Most of all, I want to be a model. It absolutely captivates me. I love doing fashion shows and photo shoots are simply the most fun you can have with your clothes on. But i need to leave Mackay, obviously. I need an agent, but how do I get one? Nothing is certain, nothing is guaranteed.

Left in a state of disarray, where do I go from here?

Friday, September 4, 2009

colder than my heart if you can imagine

I'm fascinated by the way society can construct things for everyone to believe. Following the pack, we all accept and conform to what could be complete bullshit to be the truth. Is there any reality beyond what we personally know and have proof for?

Love is a strange idea. No one can truly define it through words, pictures or song. Every time, love hurts, but yet every time, we start over, and chase it again. If it wasn't so good, it wouldn't be worth the hurt or the chase. How do we know that love exists? Its the centre of our lives, the centre of society, but have you noticed that there seems to be 'right' and 'wrong' types of love?

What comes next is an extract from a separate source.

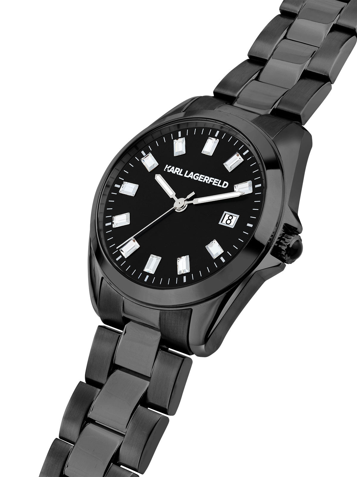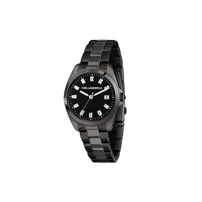 KARL LAGERFELD ŽENSKI SAT ROUND ESSENTIALS R0553101513 U CRNOJ BOJI, BAGUETTE CIRKONI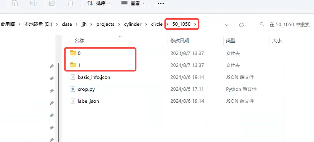 - 创建一个文件夹用于存放正反数据,在创建的文件夹下创建"0"和"1"两个命名的文件夹,如下图

Its constructed by the truths of society that love can only between man and woman, only loving one person, and that one person must be of the same age and class as you. But if love is supposed to be spiritual and personal, do we not have the right to decide this for ourselves and make our own truths, but does there have to be truths at all, is it not enough to simply live, and love, without asking for truths or acknowledgement, or a little smiley face sticker for being perfect?